BBB? SQN

Apelei e fui às ruas. Cansado de arrancar assunto de pedra fui dar um rolê no calçadão da XV pra caçar o que escrever aqui no Letra Corrida. Chega de percorrer as esquinas bolorentas dos meus lobos cerebrais, enfiar-me pelas vielas escuras do córtex cerebral e calcinar meus neurônios para emendar um punhado de frases que entretenham o leitor e a leitora e os ajudem sair da zona de desconforto covídico.

Peguei o carro para chegar ao Centro. E antes de sair a pé até a XV, tive de fazer um up grade ao estacionar. Há meses sem ir ao Centro de carro, obsolesci. Na capital do Paraná, o cartão de estacionamento, o Estar, virtualizou. Migrou para o épi da prefeitura. Mais uma ação cotidiana sequestrada pelo primeiro comando digital. Passei os olhos nas instruções. Baixei o aplicativo e inseri créditos. “Tá tudo certo”, achei. Só que não. Era pra eu ter preenchido uma miniplanilha com os dados da placa próxima ao carro. Devo ter levado uma multa.

Mas voltemos ao centro, mais especificamente para a rua Ébano Pereira, a via que encontra o início do calçadão. Mal pus os pés na Ébano, deparei com a BBB, a Bom Bonito & Barato. Uma loja com letreiro branco sobre fundo azul. Promessa de tudo de bom. Só que não. Estava fechada. Claro. Na pandemia, os itens bons e bonitos devem ter ido para o brejo; e o adjetivo barato, com o dólar em Plutão e o desemprego nas galáxias, virou um cultismo.

Na Cândido Lopes, última paralela antes da XV, dobrei à esquerda para pedir um exemplar impresso da Helena e do Cândido na boa e bonita Biblioteca Pública de Curitiba. Criadas pelo incansável Rogério Pereira, ex-diretor da biblioteca, são publicações adoráveis. Mas, claro, o edifício estava fechado e os periódicos, agora, só os encontramos, adivinhem!, na versão digital.
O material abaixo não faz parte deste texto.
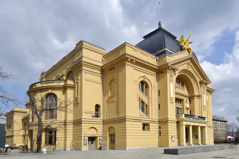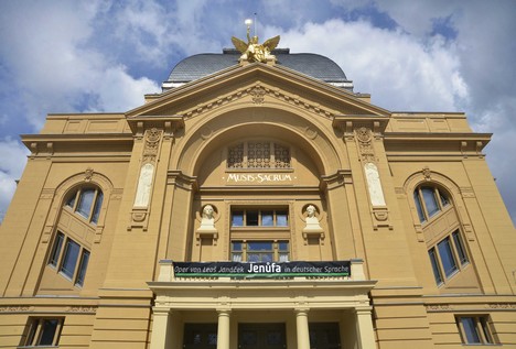 Sluncem pěkně nasvětlená a fotogenickými mraky orámovaná klasicistní budova divadla vítala nedělní odpolední návštěvníky velkým transparentem s nápisem „Oper von Leoš Janáček Jenůfa in deutscher Sprache“, který visel nad hlavním vchodem.

Resolvi me jogar logo no calçadão. Só que não. Antes tive de driblar um misto de profeta falastrão com pinguço bíblico. Com um frasco de corote na mão, pontificava naquela língua do Espírito Santo ou num dialeto boteco-babilônico. Quis chegar mais perto para ouvi-lo, mas recuei pois a máscara cobria-lhe o pescoço. Ele não parecia bem e isso não é bom, nem bonito.

Drible dado, cheguei finalmente ao calçadão. Não demorei pra perceber uma nova categoria de citadinos, os rinocidadãos — senhores acima de 45 anos com narizes à flor do rosto, brotando pra fora das máscaras. Boa parte deles concentrava-se na conhecida Boca Maldita. Ou Nariz Maldito, dado o cenário. Creio acharem belas suas fossas nasais. Pra mim, isso não cheira bem. Melhor seria denominá-los rinoplanistas ou narinoplanistas.

Em seguida, topei com um homem estátua. Ou melhor, com o surfista prateado, imóvel. Nada mais adequado. O herói solitário, isoladaço, viajante das galáxias. Achei uma boa escolha. Pinguei dois reais na caixinha prateada dele. Ele se mexeu e me devolveu um papelzinho com um versículo bíblico. Não li e lastimei que até ele, o herói intergaláctico, tenha sucumbido à pregação cristã. Bom isso não é. Nem bonito. Seria barato?

Trajeto da Ébano Pereira para o Calçadão da XV, conhecido também como rua das Flores /Google maps

Mas o jazz dos músicos no quarteirão seguinte me recolocou no mundo em que me entendo e minhas pernas soltaram-se e vararam o calçadão até a Monsenhor Celso. Os guaranis que costumam ficar nesta esquina com seus cestos e balaios coloridos não estavam por ali. Desanimei. Subtraí de novo o bom, bonito e barato. Virei a esquerda em direção à praça Tiradentes, e deixei-me levar até o carro. No caminho, havia uma fileira de moradores de rua sentados próximos à catedral e à Caixa Econômica Federal.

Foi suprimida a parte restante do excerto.